Remembrance of collective events

Swiss Theatre Award 2014

Massimo Furlan was born in Lausanne in 1965, the son of Italian immigrants, and studied at the École cantonale d’art de Lausanne from 1984 to 1988. He is also a stage designer, creating sets both for himself and for others, such as the choreographer Philippe Saire and the Théâtre en Flammes. In 2003 he founded his own production company, Numero 23 Prod, and has since created projects that refuse to be classified as either theatre, dance or performance and yet are invariably imbued with subtle humour. The fact that he has never trained as a director or actor gives him, as he himself says, the freedom to play the jester on stage.
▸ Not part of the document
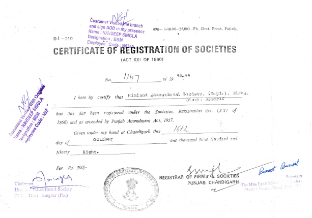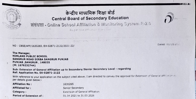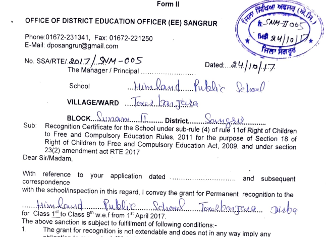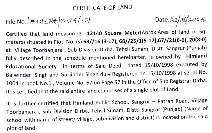 As per government requirements, the following official certificates of Himland Public School are made available here for transparency and easy public access. You can download each certificate using the link provided.

In 1988 Furlan received an award from the Fondation Irène Reymond in French-speaking Switzerland followed, in 2001, by a Prix culturel vaudois jeunes créateurs beaux-arts.

His works mostly start out with pictures or anecdotes from his childhood, such as looking forward to the Eurovision Song Contest in the 1970s in “1973” or recalling how, as a child, he played football alone in his room while listening to the commentary on the Italian Serie A on the radio. It was this that formed the basis for Furlan’s legendary football theatre: in “Numéro 10” he is the sole performer, accompanied by original sound material, re-enacting historic footballing events and minutely dissecting them in step and gesture. His 2013 production “Giacomo” on the Italian motorcycle legend Giacomo Agostini, in which he continues the tradition of the fantastical Tableaux vivants, was performed at the first Swiss Theatre Encounter.

“The first time I saw a performance by Massimo Furlan I smiled and laughed, overwhelmed by this unexpected method of presentation. The experience I shared with the other members of the audience at that moment was akin to theatre, a film, an exhibition and a performance, all at once. Massimo Furlan touches and surprises me, sparking memories and images veiled by emotion yet entirely without nostalgia. His performances are like a mirror in which my dreams and fantasies are reflected.”